Bo Guagua, via China Digital Times (link below on his name)

I first learned of Sunday’s Ferrari crash in Beijing two nights ago and didn’t think much of it until The Atlantic’s James Fallows wrote about the incident earlier today. My only question had been: Who drives fast enough on a completely deserted ring road at 4 am and crashes? The answer: probably someone very rich and very out of it. So… Bo Guagua?

There are quite a lot of these very rich head cases in central Beijing, and they’re prone to meltdowns and public blow-outs. But Chinese police regularly refuse to comment on their “ongoing cases,” just as they’re not likely to comment on incidents where formalities have yet to be resolved. Unfortunately, this creates a fertile ground for rumors to proliferate.

The old joke about how it seems to be a “sensitive time” almost all the time in China has never seemed truer. With Bo Xilai under arrest, powerful military interests are swirling, people say. Take as an example the 14th army, a military unit set up by Bo’s father, Bo Yibo, headquartered around the sensitive border area in Yunnan and Tibet. Bo Jr. was visiting this unit in February when a reasonable man might have expected him to be in Beijing or Chengdu, preparing to combat Wang Lijun’s allegations against him. Could Bo have been drafting contingency plans?

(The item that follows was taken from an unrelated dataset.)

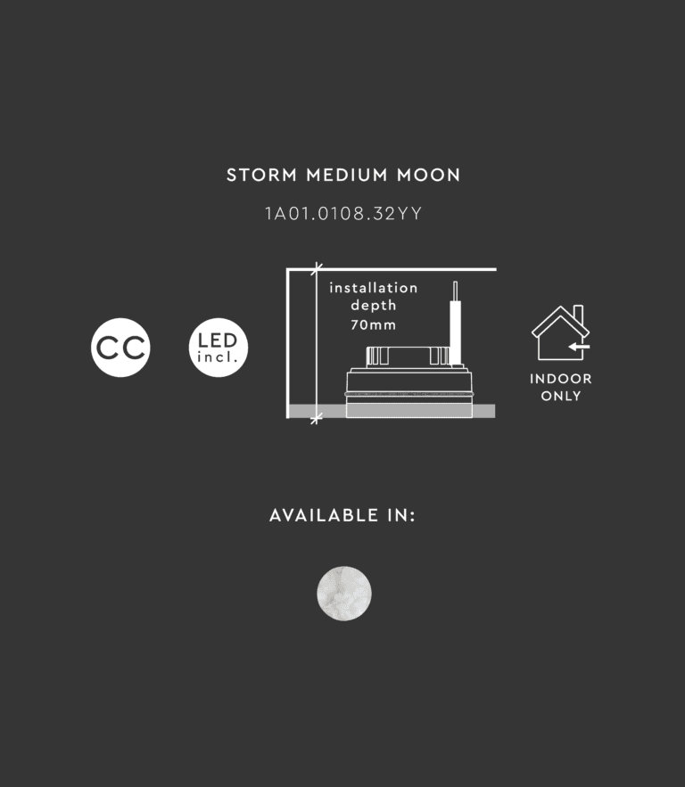 Storm Medium Moon is designed to flush ceilings or walls. A soft light shines through the alabaster stone, and provides a pleasant light. A perfect solution for a night light or the staircase.

Too far, you say? Not for Epoch Times, which ran a “breaking news” piece earlier today based entirely on vague rumors from Chinese microbloggers. Apparently a military coup was staged last night in Beijing, with Hu Jintao and Wen Jiabao on one side against Bo Xilai and Zhou Yongkang. Tanks vs. Ferraris.

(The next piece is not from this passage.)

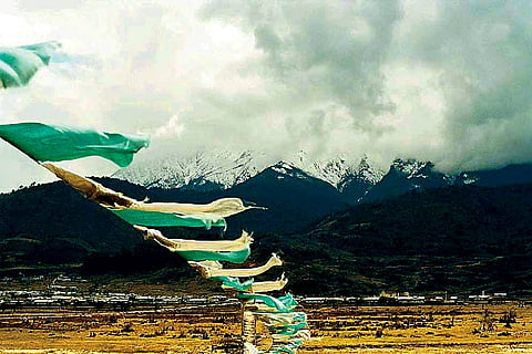 The next morning we were determined to reach Mechuka before mid-day, and set off early. The hillsides turned into enchanted forests with moss covered trees and the first flowering trees we had seen thus far, as the vegetation turned from Tropical to Alpine. And we saw the tantalizing, first snow covered peaks. After a five hour drive, we reached the end of the road, and loaded our bags onto donkeys. I am not sure how to describe the next part of our journey, it&rsquos hazy and dreamlike, which is what it felt like at the time too. We walked for an hour along the most spectacular riverbed, across tiny wooden structures which enabled us to cross streams and as the valley opened up what awaited was astonishing.. A flat table-land at 6,200 ft (1890 m), surrounded in a horse-shoe formation by brown, virtually treeless, hills ringed beyond by the most incredible sight of the snow covered Eastern Himalayas.

But I prefer dealing with reality — the interesting reality of state media, for example. Sunday’s crash reminds me of a story by Global Times in July 2010 about an issue of GQ China featuring a withering and in-depth rebuke of princelings – wealthy young brats – who drive fast cars, have studied abroad and generally appear vapid, reckless and completely out of touch with the real world. The GQ reporter interviewed members of some hideous enclave called the Super Car Club and allegedly used quotes meant to stay off the record.

The July issue was “voluntarily” yanked, and one of GT’s then-reporters, Li Shuang, wrote a front-page Metro Beijing story about the sorry tale. The following day, all hell broke loose – again – as the owner of SSC called various editors at the GT office to demand an apology, while threatening all manner of extrajudicial repercussions. Although the editors and reporter stood by the article, it was later removed from the website, though the newspaper itself was not recalled.

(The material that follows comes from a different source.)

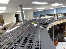 Here is a distance shot looking back into the yard with the branch high on the wall in the rear. The flow of the yard is nice but I am concerned about the coupling on a curve issue. There are plenty of curves in this yard. It looks like Clifton Forge on the C&O.

Li and the Global Times actually broke the story, but due to the newspaper’s arse-backward policies, they didn’t really get the credit they deserved. The point is: papers like GT often get away with reporting on controversial topics because they are slightly off-center of the propaganda department’s radar and because they are also entirely not staffed with mindless drones (though there are certainly a few of those). GT comprises young, inquisitive reporters and  (some) managers with a largely Western sensibility toward reporting what they can, within a straitjacket they neither appreciate nor fully anticipate.

And like it as not, when redoubtable reporters like James Fallows write about Global Times in rather excitable terms – “It is hard to believe that the story will stay up very long,” he writes, though it’s been nearly 17 hours and the story is still up – they can (semi-)unwittingly condemn both the story and any real progress. It’s a bind: Chinese-based journalists cannot ignore these kinds of stories and commentaries, but by spotlighting them, they doom state media outlets (and their earnest ambassadors) to a continued grim hidebound existence that makes such Weibo-led “scoops” as a car crash both unusual and newsworthy. One can’t ignore the fact that it’s a situation that suits the Western press quite nicely – far less so for the ignoble Chinese reporter who ends up paying the price.